Бейли почувствовал отвращение к сентиментальности босса, но тут же обнаружил, что сам смотрит в окно с восхищением. Даже в такую погоду Город представлял собой грандиозное зрелище. Департамент полиции находился на верхних этажах здания муниципалитета, самого высокого в Городе. Из окна комиссара видны были верхушки соседних шпилей и башен, похожих на устремленные ввысь пальцы огромной руки. Стены зданий были совершенно гладкими и глухими — внешние оболочки человеческих ульев.
— Вообще-то жаль, что идет дождь, — сказал комиссар. — Мы не сможем увидеть Космотаун.
Бейли взглянул на запад. Комиссар был прав. Горизонта не было видно. Очертания нью-йоркских башен становились вдали все более расплывчатыми, а затем и вовсе исчезали в невыразительной серой мгле.
— Я знаю, как выглядит Космотаун, — отозвался Бейли.
— Мне нравится его вид отсюда. Он едва различим в промежутке между двумя секторами Брунсвика. Растянувшиеся вширь купола… В этом мы и отличаемся от космонитов. Мы стремимся вверх и стараемся прижаться друг к другу как можно теснее. У них же каждая семья имеет свой собственный купол. Одна семья — один дом. А между ними участки земли. Вы когда-нибудь разговаривали с космонитом, Лайдж?
— Приходилось несколько раз. Месяц назад я разговаривал с одним прямо отсюда, по вашей селекторной связи.
— Да, я помню. Меня просто распирает пофилософствовать. Мы и они. Разные образы жизни.
Бейли почувствовал, что внутри у него все сжимается в тугой узел. «Чем изворотливее предисловие комиссара, — подумал он, — тем ужаснее может быть заключительная часть».

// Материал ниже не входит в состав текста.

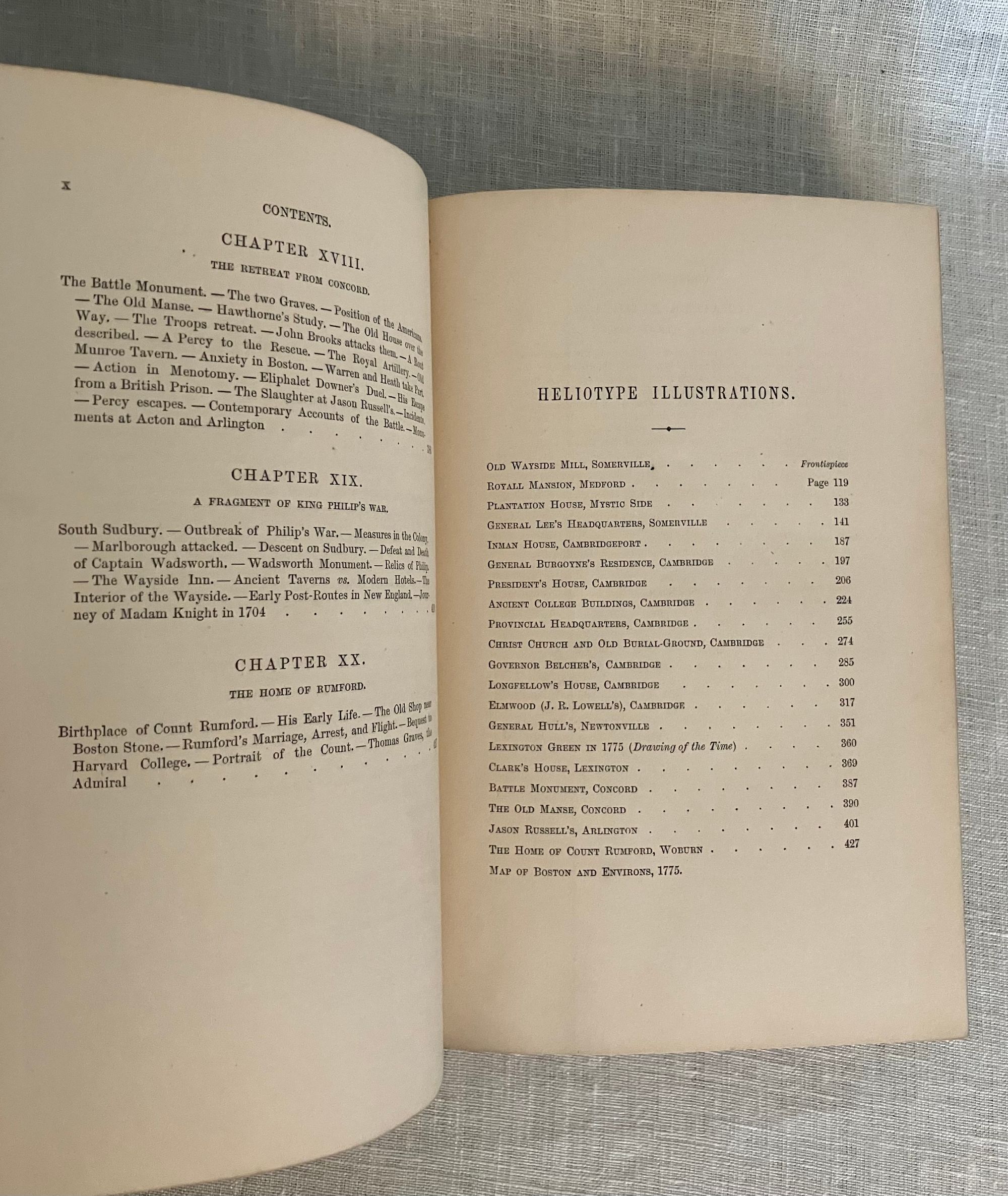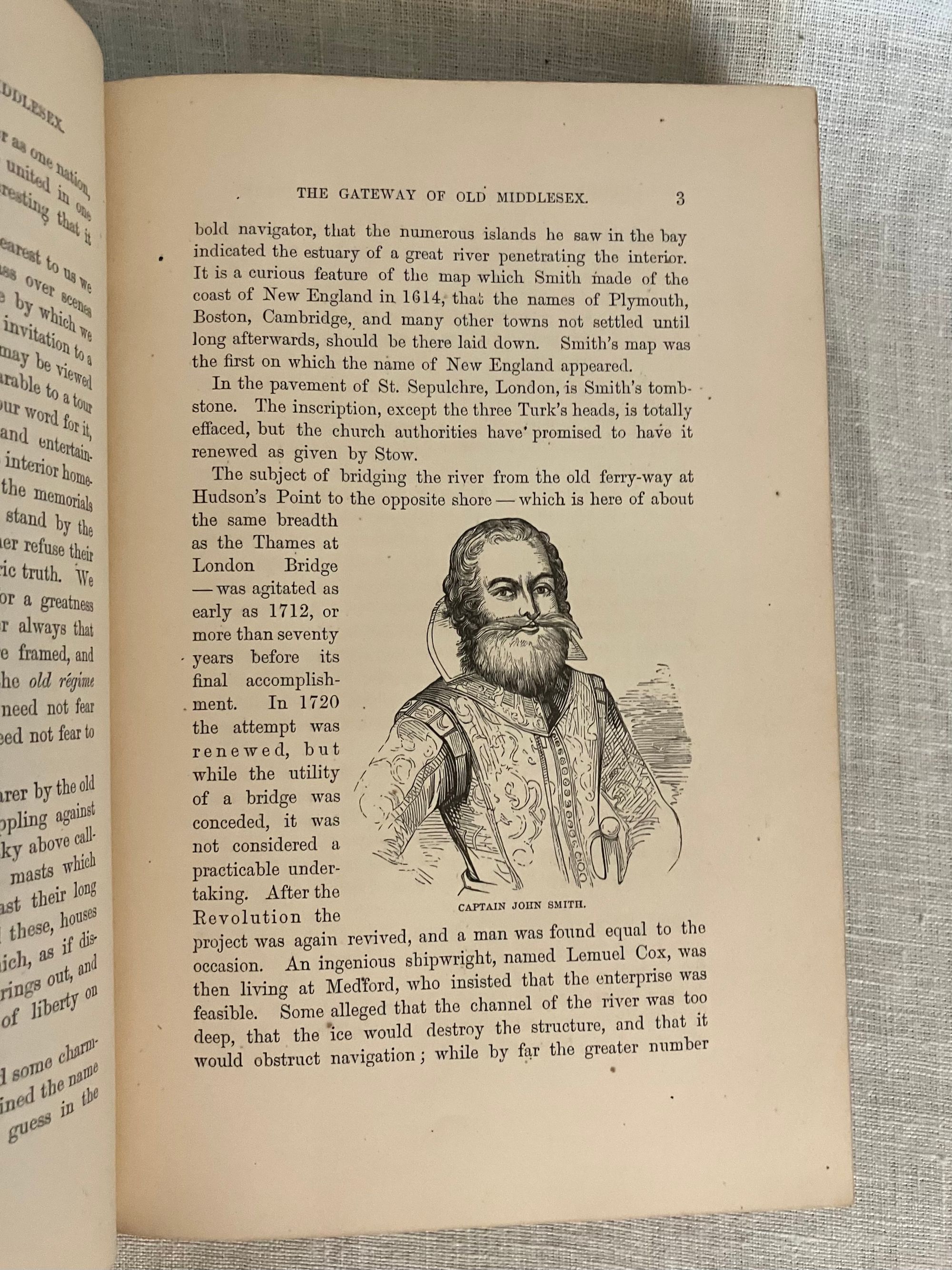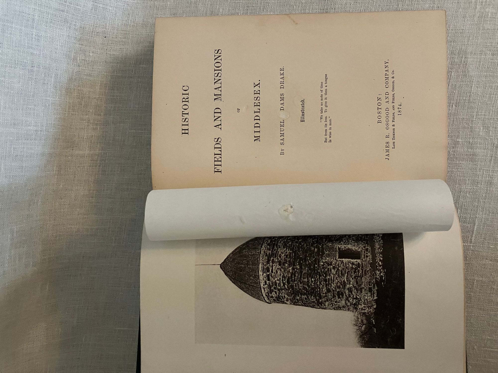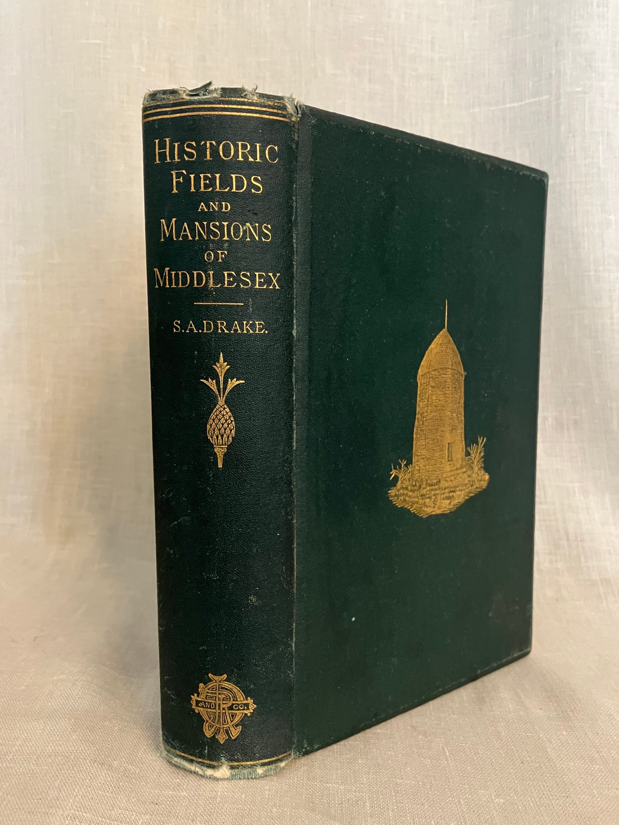Hard cover, 8vo, (measuring 5 x 8 inches ) in green cloth, bevelled edged boards, with gilt illustration to front board, titles and publisher's logo to the spine in gilt. Top edge gilt, glazed brown end papers, (xiv), fold-out map unnumbered, 442pp. Condition: Very Good Minus. Shelfwear with moderate fraying to head and tail of spine. Slightly shaken, otherwise clean and gently age toned. Now in mylar. Old gift inscription in pencil to ffep dated 1924. ** The Author, Samuel Adams Drake (1833-1905), presents this as a "wandering" set of essays touching on interesting people, places and happenings in old Middlesex County, in the Boston, Massachusetts area. He worked as a journalist and published twenty three books. His better-known father, Samuel G. Drake, also was a notable author of Americana. This book contains early examples of the heliotype--" a printing process in which an impression is taken in ink from a gelatine surface that has been exposed under a negative and prepared for printing." There are 20 unnumbered, tissue-guarded leaves of such plates, plus the map, in this volume, as well as traditional engravings. WorldCat says this is only the third heliotype book published in the US. by Osgood (Hanson). OCLC 2859336. Scarce.

— Да, конечно, — проговорил он. — Но что в этом удивительного? Не можете же вы расселить восемь миллиардов людей по Земле в маленьких куполах. А у космонитов на их мирах хватает места, вот и пусть живут, как привыкли.
Комиссар подошел к своему креслу и сел. Его глаза, немного уменьшенные вогнутыми линзами очков, не мигая смотрели на Бейли.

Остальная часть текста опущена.